Critique et analyse cinématographique

FILM FEST GENT 2015 – « Le Fils de Saul » de László Nemes

Grand Prix lors du dernier Festival de Cannes et (presque) unanimement acclamé par la critique, ce premier film d’un jeune cinéaste hongrois n’a curieusement pas fait l’objet de beaucoup de questionnements quant au sujet qu’il aborde – les camps d’extermination – et à son traitement.

fils

Il faut dire que László Nemes a tout fait pour contourner la problématique : tout est filmé dans un format carré à hauteur du personnage principal, la plupart du temps en gros plan, de manière à ce que l’horreur dans laquelle il évolue n’apparaisse que par bribes au détour d’un cadre serré, voire floutée. La question de la monstration de l’innommable est donc évacuée, mais celle de sa mise au second plan d’une fiction subjective reste en suspens.

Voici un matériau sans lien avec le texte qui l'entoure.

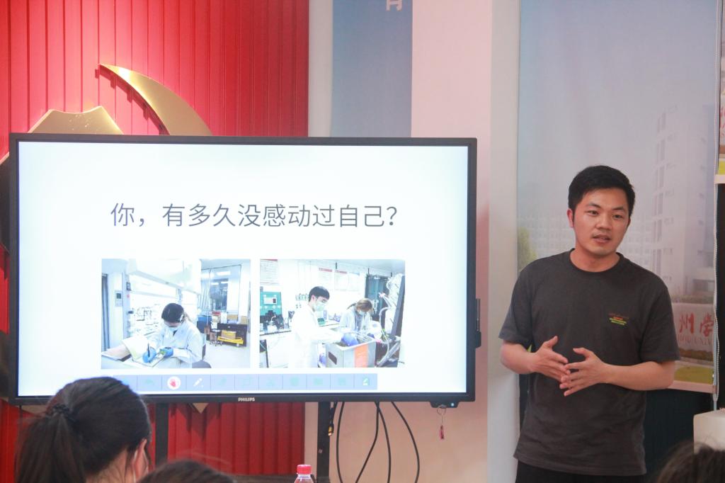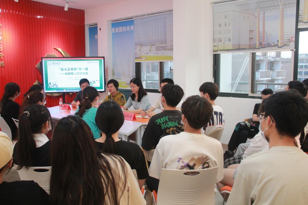 陈逢灶以“你有多久没感动过自己?”为互动话题,结合自己的亲身经历分享了科研道路上的一些故事。他指出, 科研的“苦”在于实验失败时的茫然与无助,在于论文投稿被拒数次的失落与彷徨,在于读博第一年日夜重复某一工作时的无聊与乏味,更在于与导师交流研究方向时的紧张与匆忙……但庆幸的是,科研的路上也伴随着美好的人与事:院士导师的鼓励肯定让他自信满满,阶段性实验的成功完成让他信心大增,论文最终被接收让他心满意足……他希望同学们要心中有火,眼里有光,不负青春,勇敢去闯,平时科研实验时努力做到“五要”:一是要有目标并不懈奋斗;二是要持续努力,机会是留给有准备的、敢于争取的人;三是要牢记“失败不可怕,可怕的是你害怕失败”;四是要学会投资自己,劳逸结合,学会平衡;五是要记住“嚼得菜根,做得大事”。讲座结束后,师生进行了热烈的交流与讨论。

Le film colle donc aux basques de Saul, membre du Sonderkommando à Auschwitz, qui croit reconnaître son fils dans l’une des jeunes victimes des chambres à gaz. Parallèlement à une révolte du Sonderkommando, Saul essaye par tous les moyens de sauver le corps des flammes et de lui offrir une sépulture.

C’est cette mise en place d’un suspense au sein d’une réalité insoutenable qui pose réellement problème, d’autant plus que cette réalité est déplacée hors-champ par le choix de cadrage. Quelle que soit son intention et quoi qu’il puisse dire, ce choix est bel et bien une option esthétique, une façon de rendre les camps « cinématographiques ». La question est de savoir si cette démarche est acceptable ou non, mais que ce soit ou pas le cas, le film de Nemes n’est pas plus ou moins recevable que le film de Spielberg, qui avait relancé le débat sur le sujet au moment de sa sortie.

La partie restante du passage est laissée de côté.